■ YOUR OBJECTIVE: Exactly as written, set down each line of the data below except its pictures.
(INFORMATION PROVIDED)
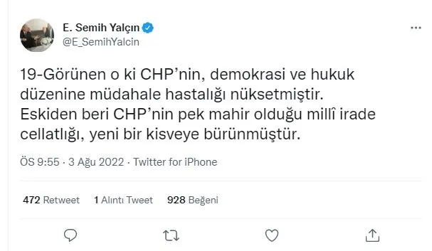 "CHP'NİN DEMOKRASİ DÜZENİNE MÜDAHALE ETME HASTALIĞI NÜKSETTİ"
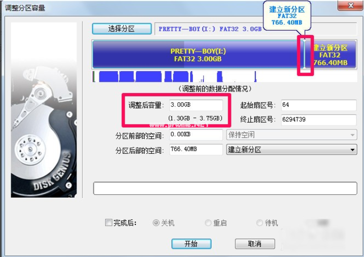 7、diskgenius設置好容量之后我們點擊開始,等diskgenius合并分區(qū)處理完之后就可以了。
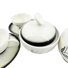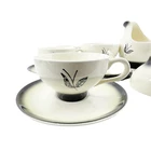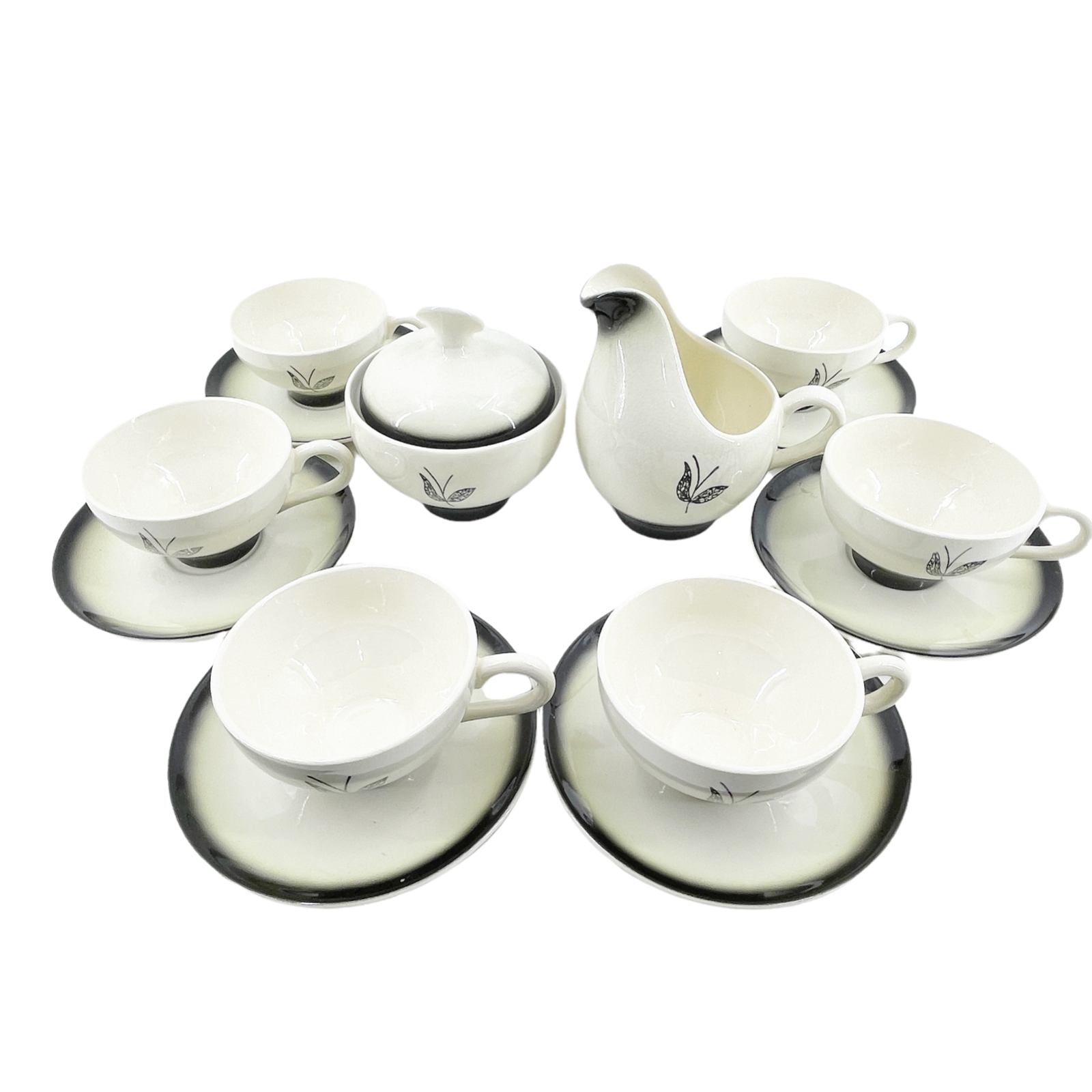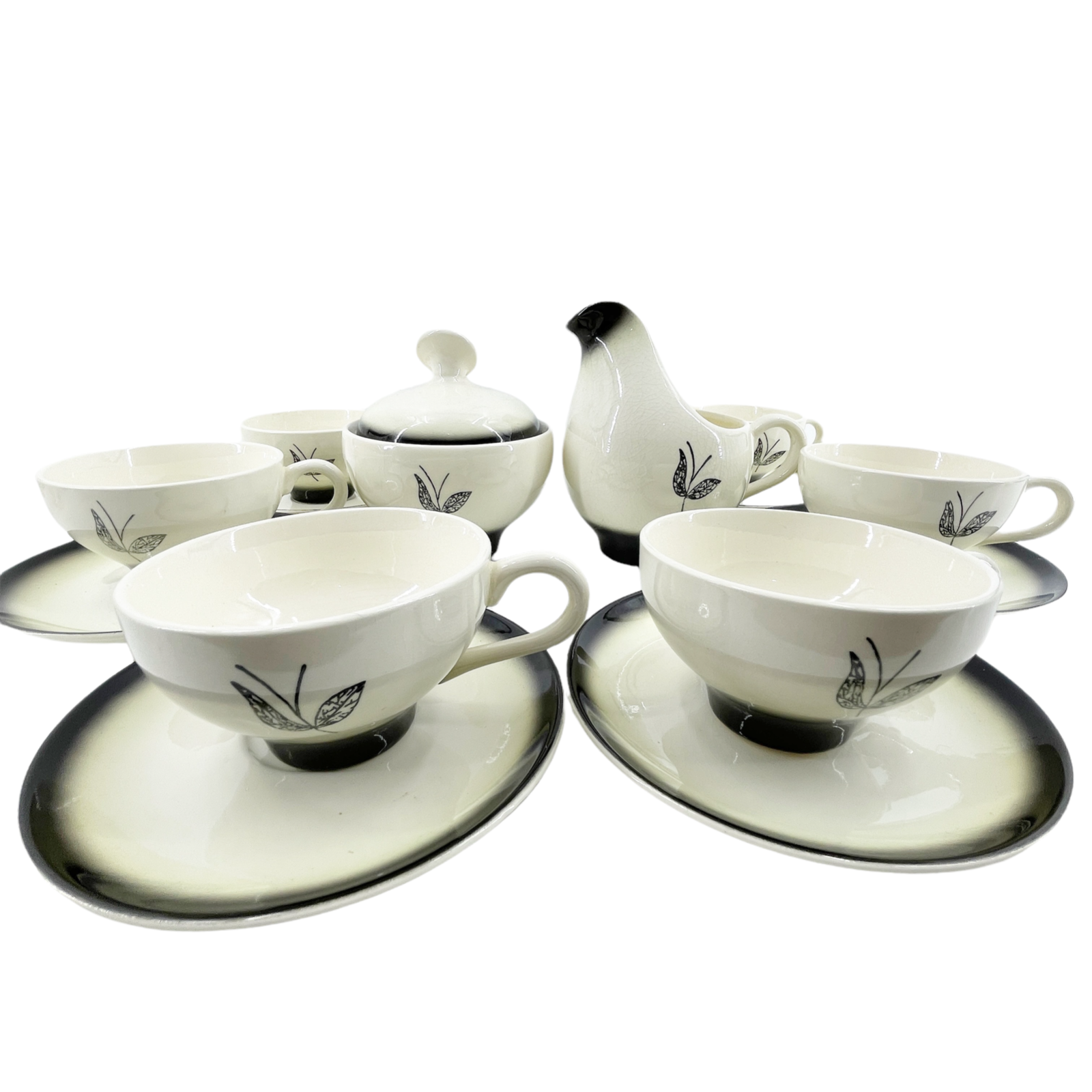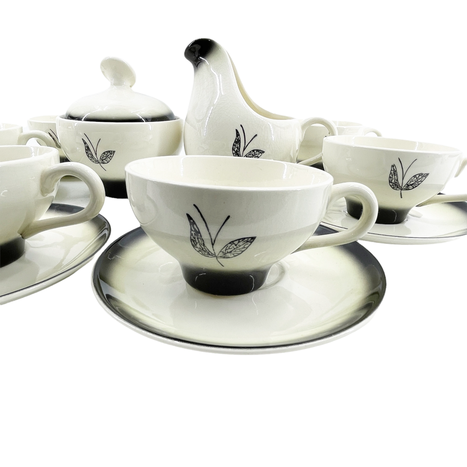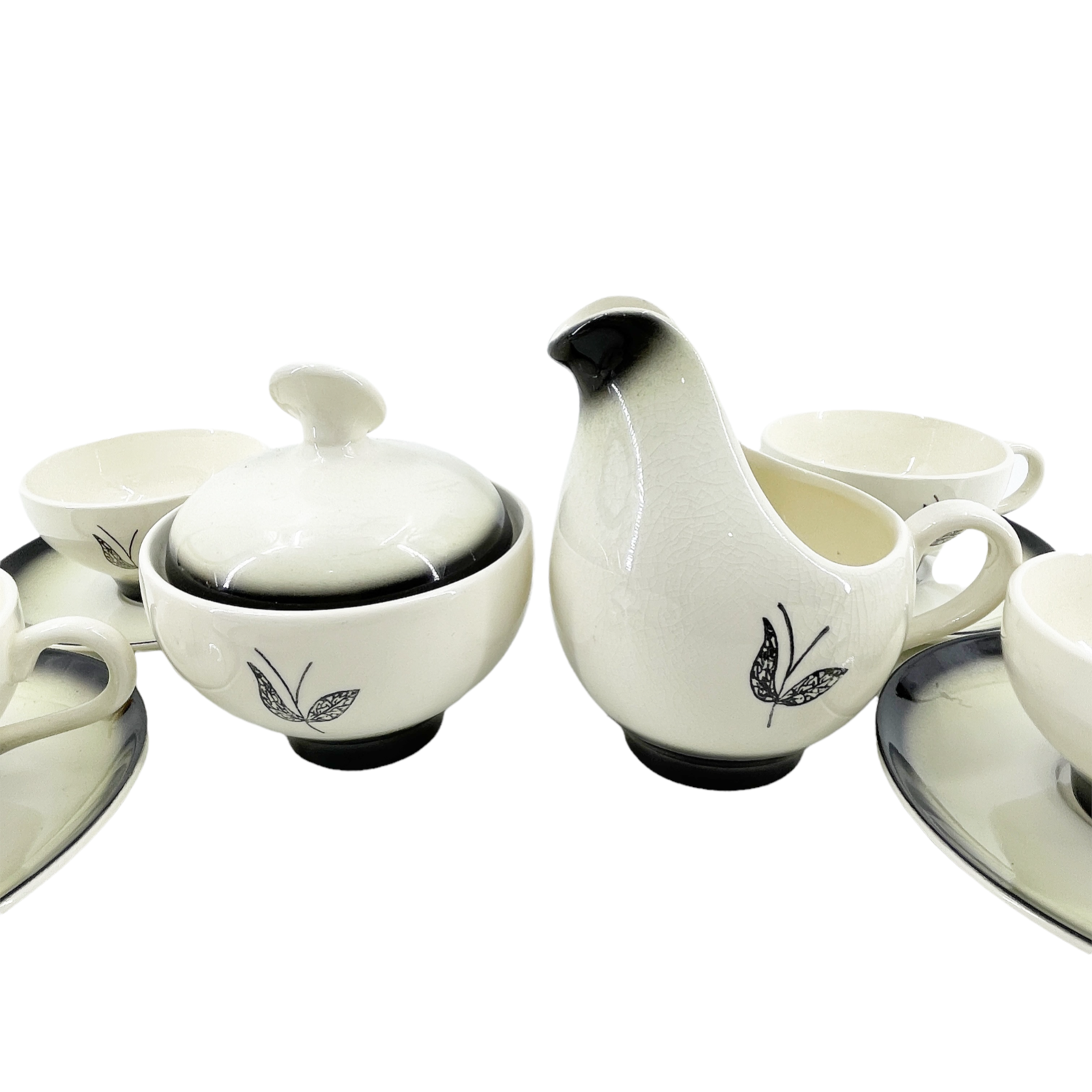 Vintage MCM Stetson Coffee Tea Set 15 Pcs Sugar Creamer Pitcher 6 Cups & Saucers Made in USA. Set includes 15 pieces: Creamer pitcher - 4" diameter and 5 1/2" tall to tip of spout. Sugar bowl and lid - 4 1/2" diameter and 5" tall to tip of finial. 6 saucers - 6" diameter. 6 cups - 3 3/4" diameter at top rim and 2 1/4" tall. Marked on bottom "MADE IN USA" Gorgeous mid-century modern set!
(End INFORMATION PROVIDED)
■ TASK OUTPUT:
 "CHP'NİN DEMOKRASİ DÜZENİNE MÜDAHALE ETME HASTALIĞI NÜKSETTİ"
 7、diskgenius設置好容量之后我們點擊開始,等diskgenius合并分區(qū)處理完之后就可以了。
 Vintage MCM Stetson Coffee Tea Set 15 Pcs Sugar Creamer Pitcher 6 Cups & Saucers Made in USA. Set includes 15 pieces: Creamer pitcher - 4" diameter and 5 1/2" tall to tip of spout. Sugar bowl and lid - 4 1/2" diameter and 5" tall to tip of finial. 6 saucers - 6" diameter. 6 cups - 3 3/4" diameter at top rim and 2 1/4" tall. Marked on bottom "MADE IN USA" Gorgeous mid-century modern set!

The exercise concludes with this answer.